The MHU translator now moves the robot (and thus the grabbed mask) forward in the direction of the focal plane into the ’hold’ position (’MHU translator - to hold position’).

When the mask has reached the ’hold’ position and the mask is in light contact with two spring loaded pads located to the left and right of each centering pin, the reed contacts switch to ’off’ and indicate that the mask is in hold position.

Now the two FPU clamp arms move until their spring loaded tips hold down the mask from the other side (’FPU - open to hold’). If the motion is completed successfully, micro switches are now actuated and indicate that the FPU arms are ’hold’ position.

Then the MHU grabber releases the mask (’MHU picker arms - release mask’). The grabber moves ’until state reached’ just reversing the grabbing motion as described above.

The holding current of the rotator is switched off (’Motor power off’). Finally, the FPU clamps close completely (’FPU - hold to locked’), pushing the spring-loaded pads com-pletely into the FPU base plate. The reed-contacts and clamp-arm limit switches are checked to see if the mask is in its final locked position.

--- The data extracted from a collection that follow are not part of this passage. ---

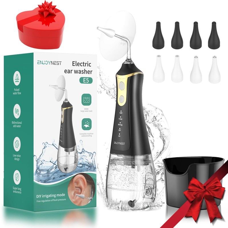 EnjoyNest Ear Wax Removal, Safe & Effective & Temperature Sensor, Ear Cleaner Kit with 4 Modes, Earwax Irrigation Flushing System for Buildup, Cleaning Tool with Basin and 8 Tips, Black
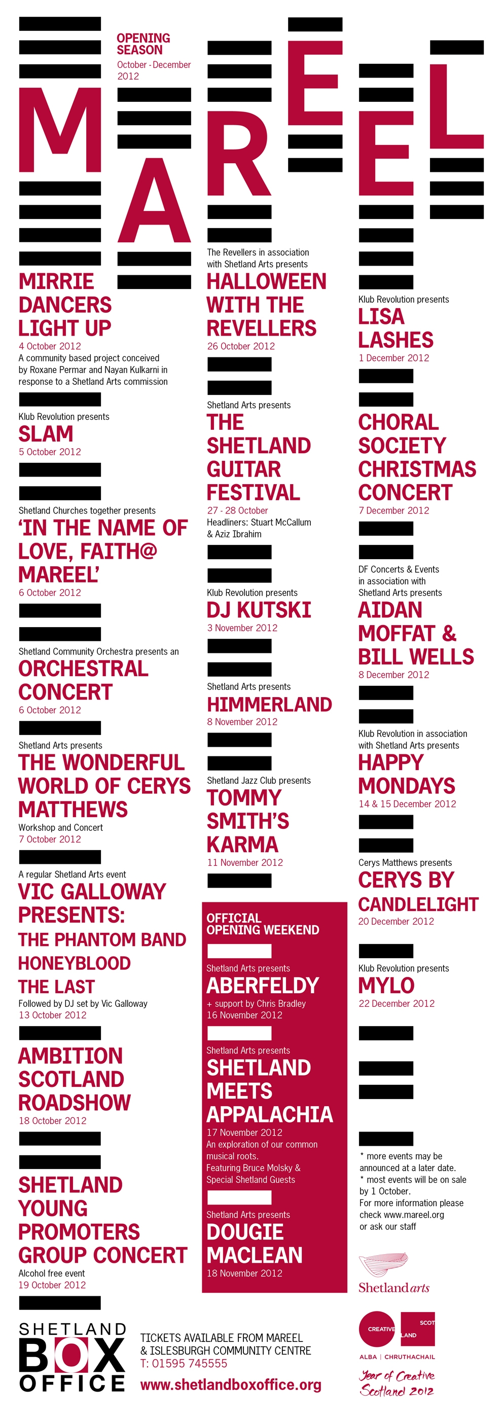 Official Opening Season at Mareel runs from October to December 2012. More events may be announced at a later date. Tickets for most events will go on sale Monday 1 October.
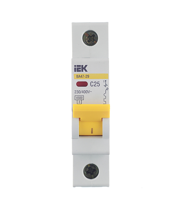 1Р – однополюсной (используется в однофазных сетях), 25А – величина номинального тока в амперах (ток, который автомат способен пропускать долгое время без отключения цепи), тип С – автомат срабатывает при токе в цепи в 5-10 раз больше номинального и применяется для защиты цепей розеток и освещения, 4.5кА – рабочая отключающая способность в килоамперах, ИЭК – фирма производитель, ВА 47-29 – серия автоматов.
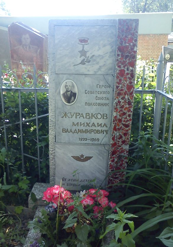 Журавков Михаил Владимирович - заместитель командира эскадрильи 13-го гвардейского Рославльского Краснознаменного авиационного полка дальнего действия 4-й гвардейской Брянской авиационной дивизии дальнего действия 4-го гвардейского Гомельского авиационного корпуса дальнего действия Авиации дальнего действия (АДД), гвардии майор.
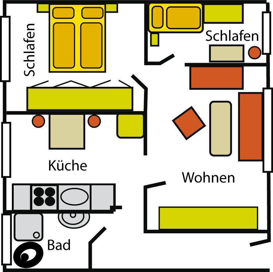 Die Ferienwohnung Robbe begrüßt Sie mit einer Wohnfläche von 61 m².
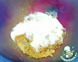 В глубокую миску раскрошила дрожжи. Насыпала сахар.
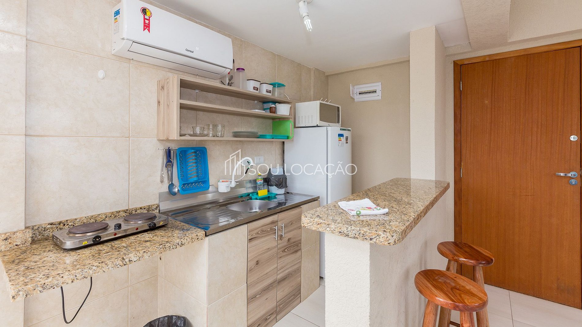 Cozinha totalmente equipada, com eletrodomésticos, frigobar, micro-ondas, talheres/itens em geral, bancada com cadeiras, e ainda temos um tanque estratégico para uso de emergência, etc.
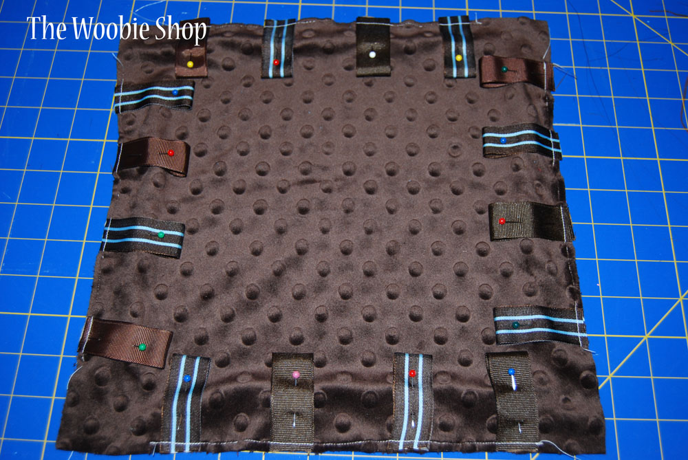 3- I took the minky and laid it right side up, then folded the ribbon in half and pinned it onto the RIGHT side of the minky with the raw edges pointing out toward the raw edges of the fabric. (Here you could do funky things with the ribbons or fabric pieces if you wanted to use fabric. I've seen people twist the ribbons, use thin and thick lengths of ribbons, some people don't even fold them, they sear one edge of the ribbon and then just have the ribbon like little flops off the end of the baby blanket.)

Upon successful completion the MOS subsystem signals the high level software that the motion has completed successfully. The user/observer can now use the mask as desired.

Putting the mask back to its storage slot follows a very similar sequence in reverse, pre-and post conditions are sightly different.

Figure 3.8 shows six snapshots from the Storage-to-FPU sequence.

Figure 3.7.: Second part of the Storage-to-FPU Sequence from ’Turnout’ to ’FPU’. The beginning of the sequence from ’Storage’ to ’Turnout’ is shown in figure 3.5

3.4. Main function sequences

Figure 3.8.: Storage-to-FPU in 6 Snapshots:

a) The grabber (left arrow) is grabbing the mask, the mask’s retainer arm (right arrow) is still locking the mask. b) The rotator rotates the mask out of the cabinet, the retainer arm is open (arrow) c) The MHU robot moves in arrow direction along the cabinet towards the FPU on the left. Along the way the mask is held up in ’transport’ position d) The rotator rotates the mask into the FPU (arrow). e) The mask is nearing its FPU position, the FPU clamp arm drive is in ’open’ position (arrow). f) The mask is in its final place in the focal plane. The clamp arm drive is in ’locked’ position (arrow).